Comment on Site Crawler Download Code

Replies are listed 'Best First'.
Re: Site Crawler by Elian (Parson) on Jun 13, 2002 at 21:35 UTC
I worked for a search engine (the late, lamented Northern Light) and you've just triggered a few pet peeves. First, if you're going to pay attention to meta tag keywords, you'd better be crawling only your own site. In general meta information is not just useless, it's actively deceptive. Trusting it generally is worse than a waste of time. You'll end up with a database full of lies. Sad, but true. Second, if you're crawling pages that aren't yours, you'd better obey the robot rules. Use LWP::RobotUA here, with a reasonable time limit. The default minute delay's fine, but dropping it down as low as 10 or 20 seconds between requests is probably fine. (I'd leave it at the minute delay, personally) If you're not going to use LWP::RobotUA, and are crawling other people's pages, then you'd darned well better make sure you space out the request. (Your ISP may want you do to this for your own pages--Snagging a couple of thousand pages over a cable modem or other reasonably high bandwidth connection can be pretty harsh) If you're going to do it, then do it right, be polite, and respect the "Keep off the Grass" signs.	[reply]
Re: Re: Site Crawler by Frisbeeman (Initiate) on Jun 13, 2002 at 22:27 UTC
I am indeed just crawling my own site.
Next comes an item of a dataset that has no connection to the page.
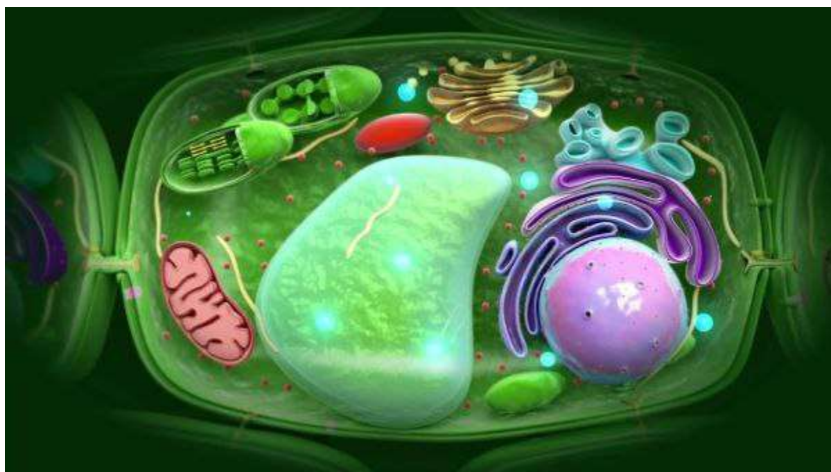
3.5-rasm. Eukariot organizmlar hujayrasi

Eukariotlar tarkibiga hayvonlar, o‘simliklar, zamburug‘lar va protistlar kiradi. Sitoplazma. hujayraning asosiy tarkibiy qismi bo‘lgan sitoplazma tashqi muhitdan plazmatik membrana bilan ichkaridan esa yadro qobig‘i bilan ajralib turadi.

I thought I made that pretty clear, but I guess I could been clearer. I am aware of the issues you raised.	[reply]
Re: Re: Re: Site Crawler by Elian (Parson) on Jun 13, 2002 at 23:00 UTC
Yup, it was unclear. (I'm presuming you've got a lot of dynamic content, otherwise crawling this way's kinda pointless)	[reply]
•Re: Site Crawler by merlyn (Sage) on Jun 13, 2002 at 21:06 UTC
I am trying to write a crawler that will read in the meta-tag keywords and then crawl to all linked pages You mean like this one from my column? -- Randal L. Schwartz, Perl hacker	[reply]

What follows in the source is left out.